Batter Up

I just came from a Little League baseball game where the 8-year-old kids clearly knew the game. The coaches and the fans in the stands were constantly offering strategy on how to play the game better.   “Keep your eye on the ball.”  “Play is at 2nd base.”   “Back up first.” “Wait for yours.” “Line drive up the middle.”   You know the drill – the constant calls of a summer ball game.     Along with the sounds of summer were also the non-verbal commands such as the pitcher and catcher sharing signals. These boys did not just learn the game yesterday – and obviously the coaches and the fans expected much more from each one of the players.

This morning I pondered how much training does the church offer kids regarding spiritual truths? Yes, they do hear all of the stories and learn right from wrong. Most of the time they do learn the basics; they are sinners and Jesus is their savior, along with the basics of praying and even some service. But how many learn how to listen and hear the voice of God and be led by His Spirit? How many learn they are equipped through the Holy Spirit to pray for the sick and expect results? How many are trained to fully enter into worship and have a God-encounter? Or are they bored in adult worship, not understanding it enough to participate? By the time they leave children’s ministry, are they passionate worshipers of God, being able to participate in both a children’s setting and an adult setting?  Could it be that in general the church thinks kids are too young for intimacy in worship? Perhaps they believe there is a “Jr. Holy Spirit” who is not capable of working through kids?   For sure most are thankful that there are workers who will take the kids to a far off room so they can worship without interruption or distraction.

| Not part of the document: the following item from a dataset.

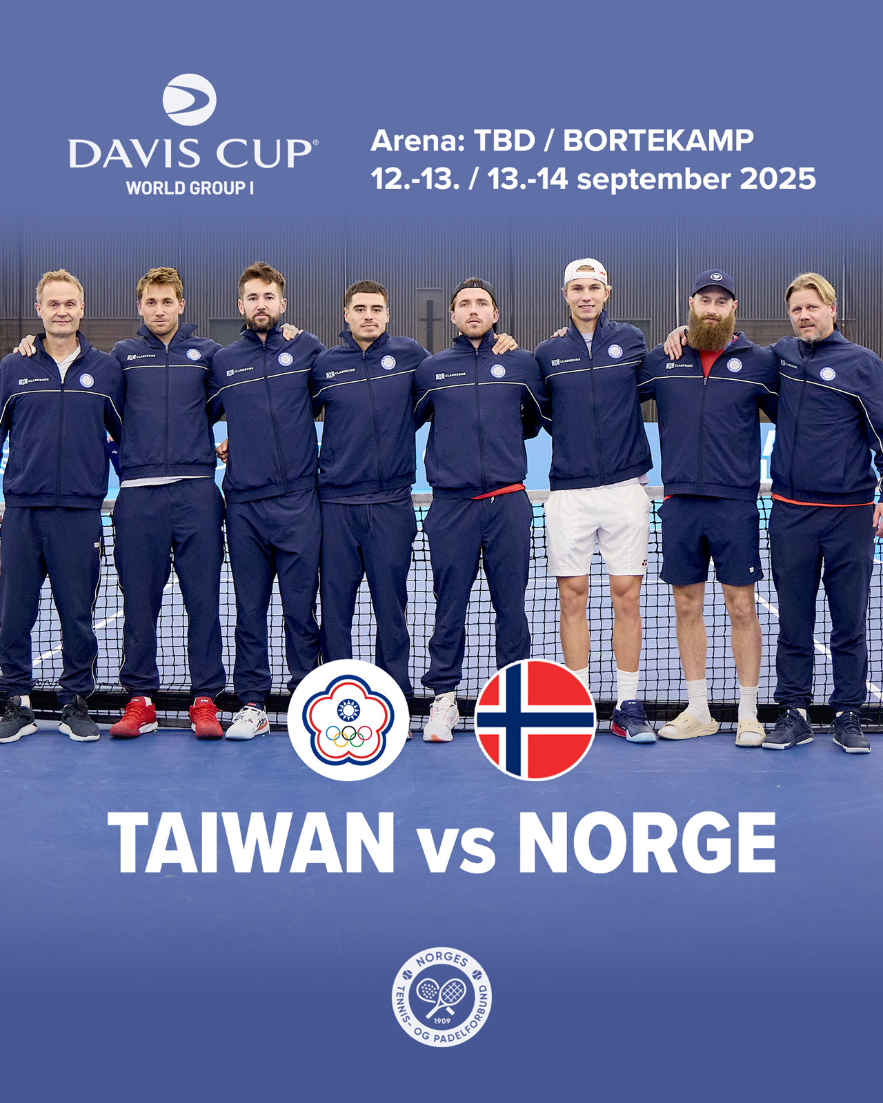 Norge trakk Taiwan i Davis Cup World Group 1. Det betyr at Casper Ruud, Viktor Durasovic, Nicolai Budkov Kjær og resten av det norske tennislandslaget må ut på langtur i september!

In trying to recruit more children’s workers I would often hear two big excuses – I mean reasons – why people did not want to participate. 1) They wanted to stay in adult service where the move of God was and 2) They didn’t feel called to childcare. (In their mind, they probably meant babysitting.)

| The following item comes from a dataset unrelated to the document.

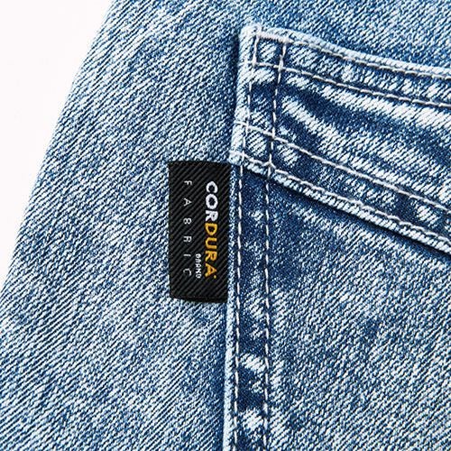強度と耐久性に優れたコーデュラストレッチデニム素材 デザイン性と機能性を併せ持つハイブリッドモデル・高強度ナイロン66を混紡した織物・オーセンティックなデニムの見た目と手触り・ミリタリーユニフォームから開発された技術・コットン100%のデニムと比べて最低4倍以上の着用耐久性

Just like the eight-year-old baseball players have been learning the game, the positions and the strategy for years, so we can train our church kids of the language, experience and significance of Christian service, worship, and discipline.

Research shows that by the time a child is 12-years old, they think they know everything there is to know about the Bible, and they are looking for another interest. From our “Evaluating the Church and her Children” course with Kids in Ministry we learn that, “By twelve or thirteen a person is who he is, and whatever he believes by then he will basically live his whole life and die believing those same things short of a cataclysmic move of God. “

With Kids in Ministry our goal is to give a child an opportunity to experience God and to practice what they learn. It starts with the games and plenty of kid stuff – but by the end of the time they are ready and given an opportunity to experience God.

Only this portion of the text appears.